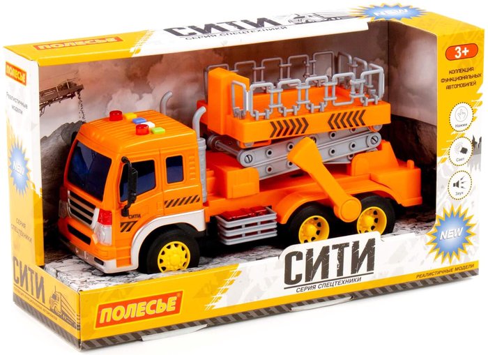 | Информация | Автомобиль с подъёмником инерционный «Сити» от фабрики «Полесье» - это качественная реалистичная игрушка, конструкция которой полностью повторяет дизайн настоящей техники. Спецмашина имеет три пары колёс на металлических осях, кроме того, она оснащена подъёмным механизмом, который позволит придумывать различные сценарии игры. На кабине авто имеется 4 кнопки управления звуковыми и световыми эффектами. |
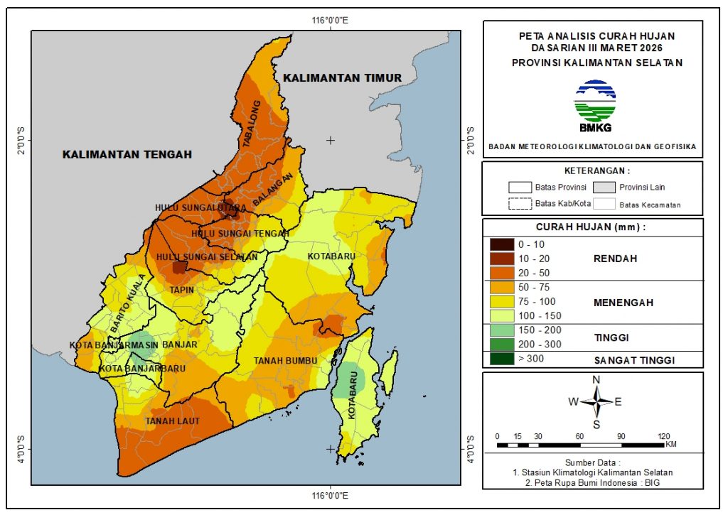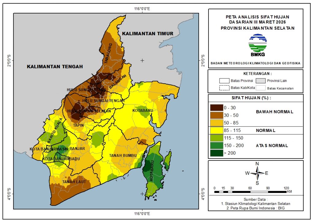 Pada Dasarian III Maret 2026, sebagian besar wilayah Kalimantan Selatan berada pada kondisi Bawah Normal (BN), yaitu mencakup sekitar 54.6% wilayah. Selain itu, sekitar 29.9% wilayah berada pada kondisi Normal (N) dan 15.5% wilayah pada kondisi Atas Normal (AN).
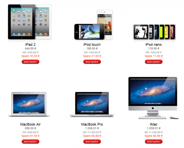 Bei Apple hingegen gibt es alles am heutigen Freitag reduziert zu haben. So kostet ein iPad2 35 Euro weniger, ein Macbook sogar 91 Euro weniger, usw. (inklusive diversem Zubehör).
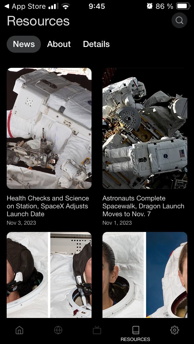 Pod ikonou „Resources“ se pak nachází množství článků zabývajících se nejnovějšími událostmi, probíhajícími projekty ISS i činností posádky na vesmírné stanici společně s některými základními fakty o jejím fungování i historii.
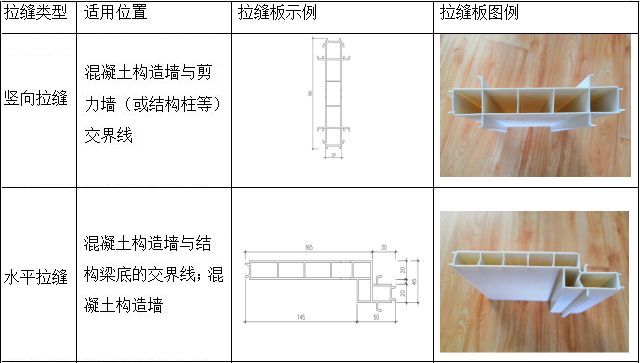 结构拉缝安装前要仔细核对施工图,不能漏放,且水平拉缝方向不能放反,且一定要在合模前对结构拉缝材料安装质量进行验收。
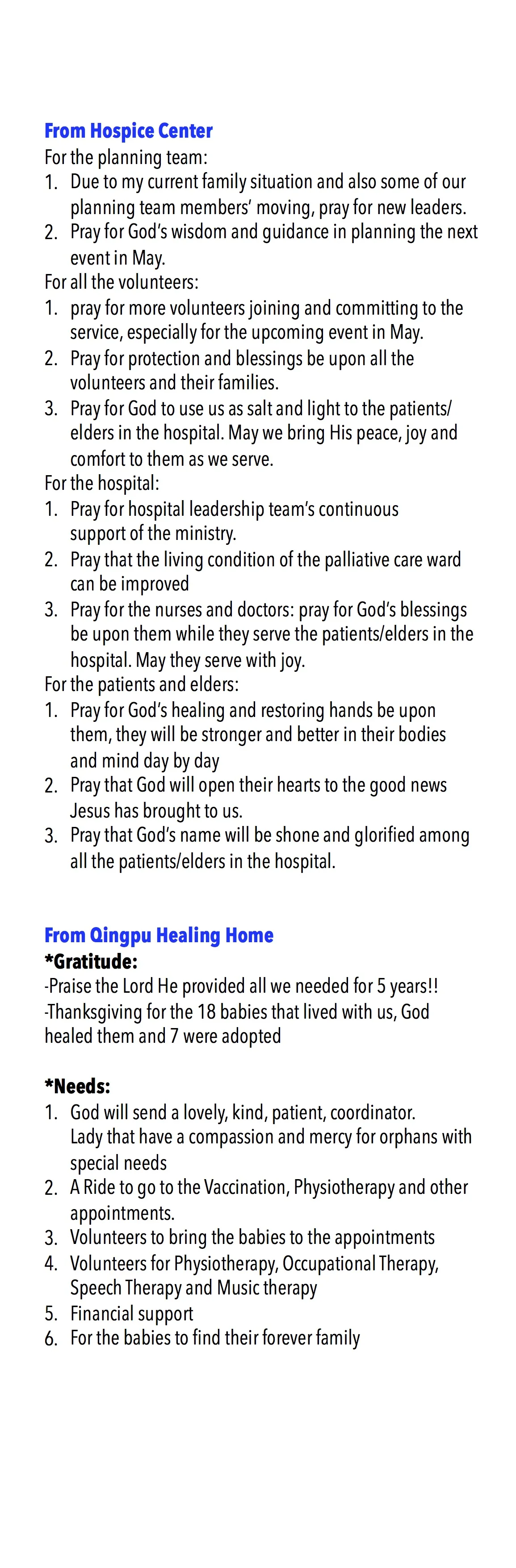 Besides those already included in the Guide, here is a list of additional prayer requests from organizations serving the poor and needy in Shanghai and in China. Let's serve them through our prayers...
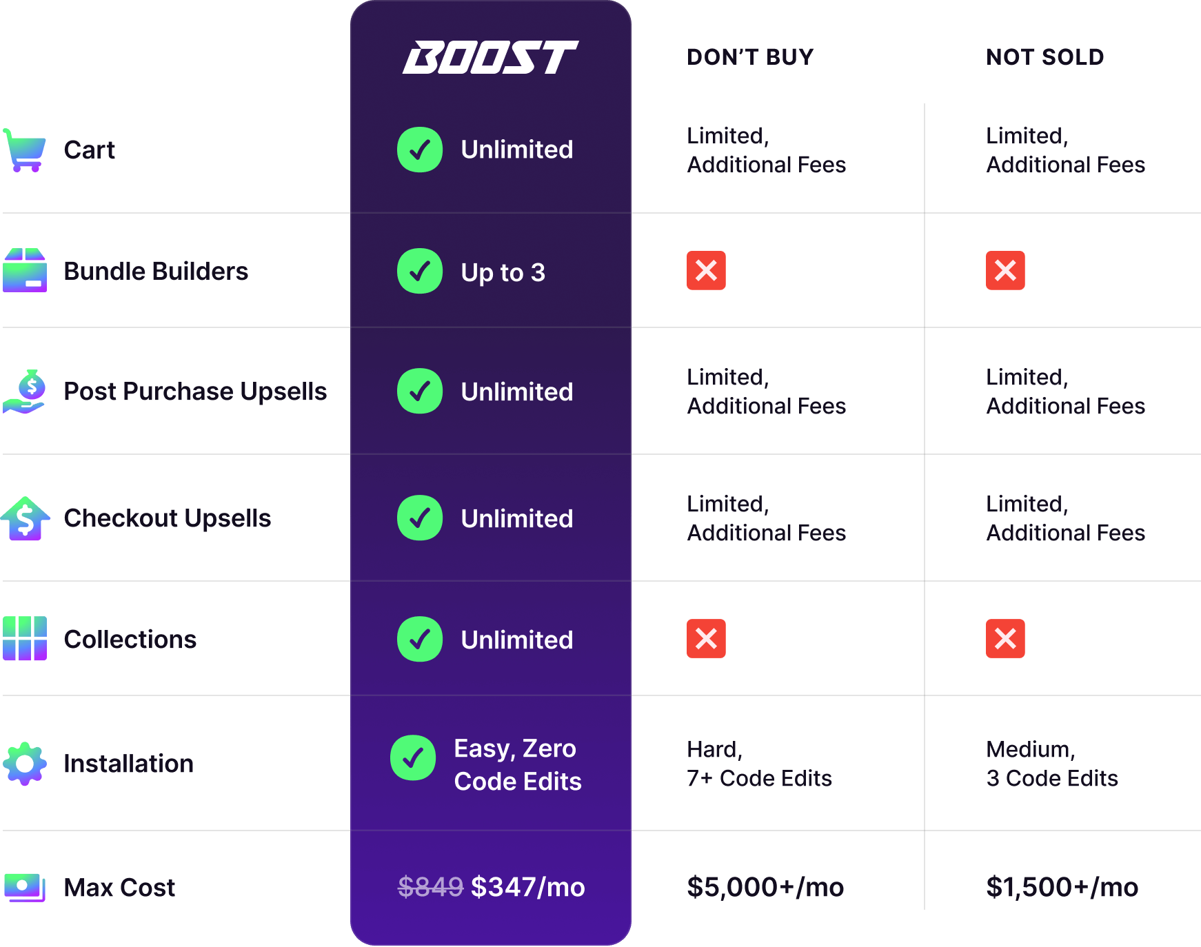 We've tried every cart app on the market, every upsell app too. None come close! Boost is the only all-in-one app that delivers.
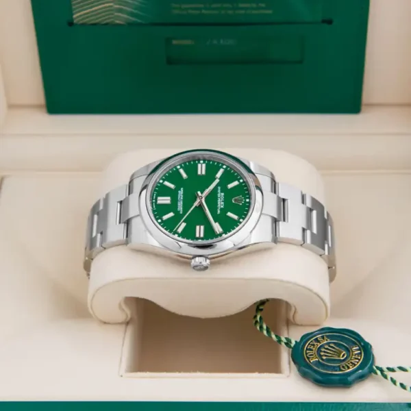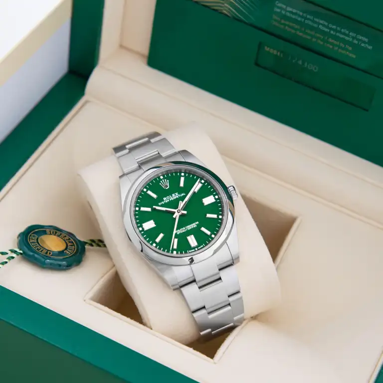 The Rolex 124300 Oyster Perpetual 41 in Green is perfect for just about anybody’s daily lifestyle. This timepiece features a vibrant green double baton index dial. The 41 mm case features a smooth steel bezel on a steel oyster bracelet. This can be worn daily and can be a nice option for someone that wants to stand out from everyone. The green dial works if you are taking the kids to soccer practice or going to a formal event. No matter what direction your life is going, this one will work for it all. The 124300 features a power reserve that lasts up to 70 hours so it’s always ready to go when you’re on the move.
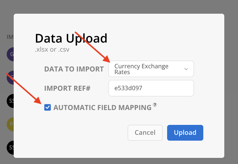button. Select Currency Exchange Rates as the Data to import. De-select the Automatic Field Mapping option to prevent columns from automatically mapping, thereby avoiding potential improper data imports. -
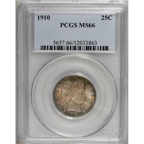 <B>1910 25C MS66 PCGS.</B></I> A lovely Premium Gem example of this later Barber issue, pleasingly detailed with areas of rich amber and peach patina over the otherwise silver-gray surfaces. Carefully preserved and desirable. Population: 16 in 66, 3 finer (10/07).<BR><BR><B>Coin Engraver:</B> Charles E. Barber<BR><BR><b>Shipping:</b> Coins & Currency (<a target="_blank" href="http://www.heritageauctions.com/common/shipping.php">view shipping information</a>)
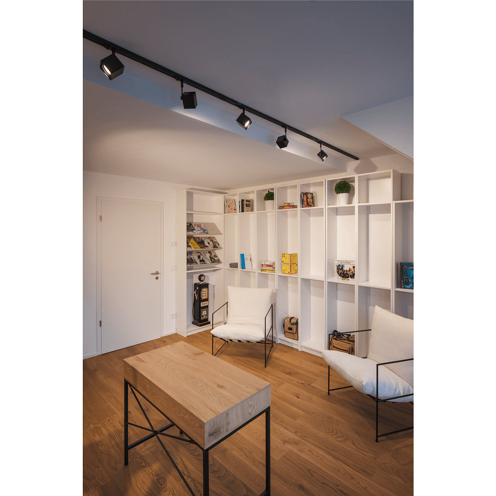 The ALTRA DICE spotlight allows for a particularly large range of tilt angles through a lateral joint on the light head. It is suitable for use with replaceable GU10 reflector lamps. When using halogen light sources, a mounting height of over 250cm is recommended.
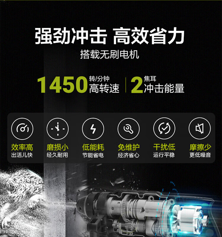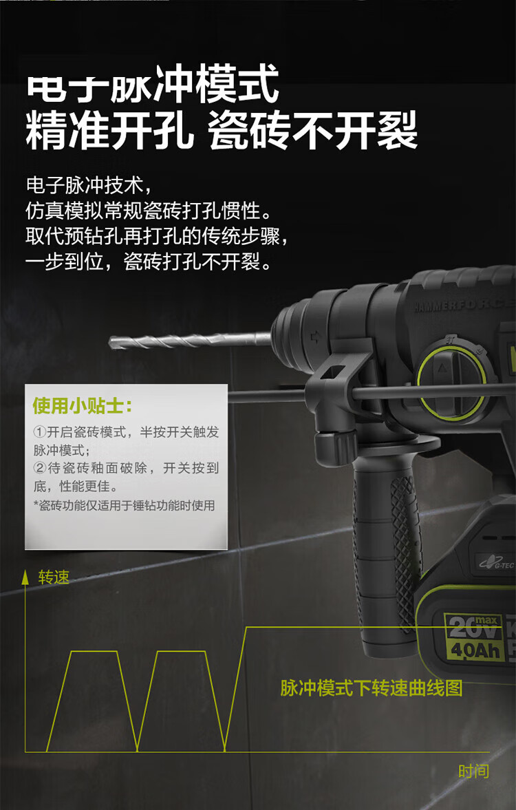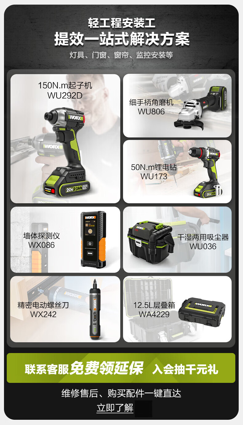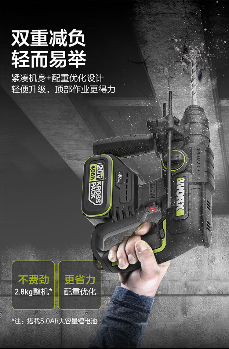 WEX WORX WU387.9 martillo de carga sin escobillas de doble propósito batería de hormigón perforación de impacto
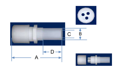 | PVDF Part No. | Tube O.D. | Ports | Orifice | A | B | C | D | Hex |
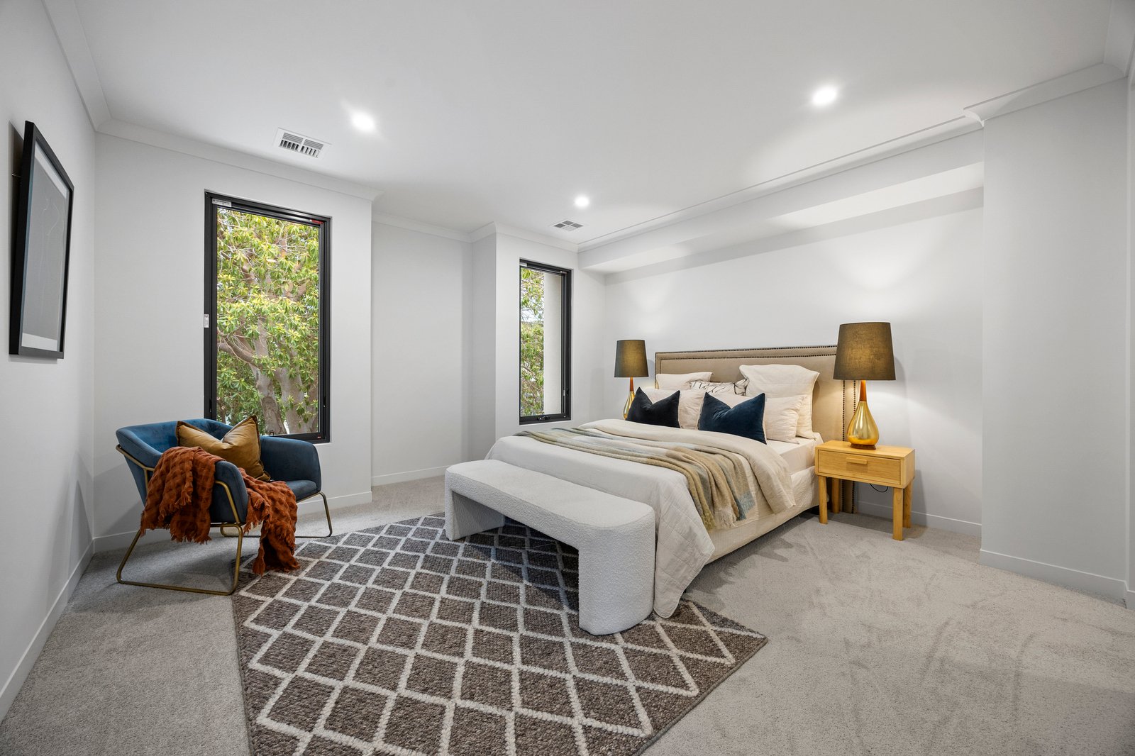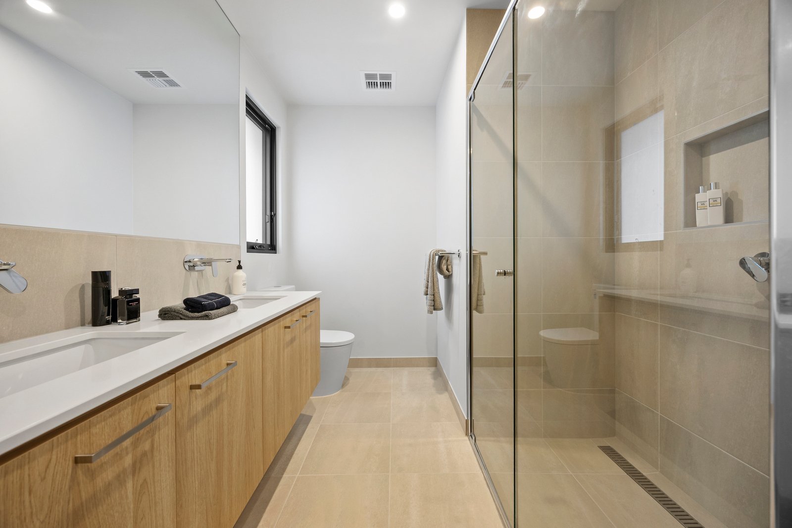 Appointed to a demanding architectural specification with a Smeg & Bosch appliance kitchen (catching more north sun with a wide northerly window-splashback), the home is full of brilliant ideas. With a clever home-office area in the home’s quietest spot, & a walk-in robe for almost every bedroom, there’s a dual-vanity ensuite for the principal-suite & a generous double auto-garage under the roofline.
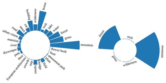 LECs of different types of idle land use show different focuses. While the LECs of industrial idle land areas are more emphasized on mountains and buildings, the LECs of park idle land areas are focused mainly on forests, mountains, roads, and squares (Figure 13).
————————
Give back exactly the lines of the listing above from the one that contains "结构拉缝安装前要仔细核对施工" up to and including the one that contains "We've tried every", but not the pictures, and no other lines.

 结构拉缝安装前要仔细核对施工图,不能漏放,且水平拉缝方向不能放反,且一定要在合模前对结构拉缝材料安装质量进行验收。
 Besides those already included in the Guide, here is a list of additional prayer requests from organizations serving the poor and needy in Shanghai and in China. Let's serve them through our prayers...
 We've tried every cart app on the market, every upsell app too. None come close! Boost is the only all-in-one app that delivers.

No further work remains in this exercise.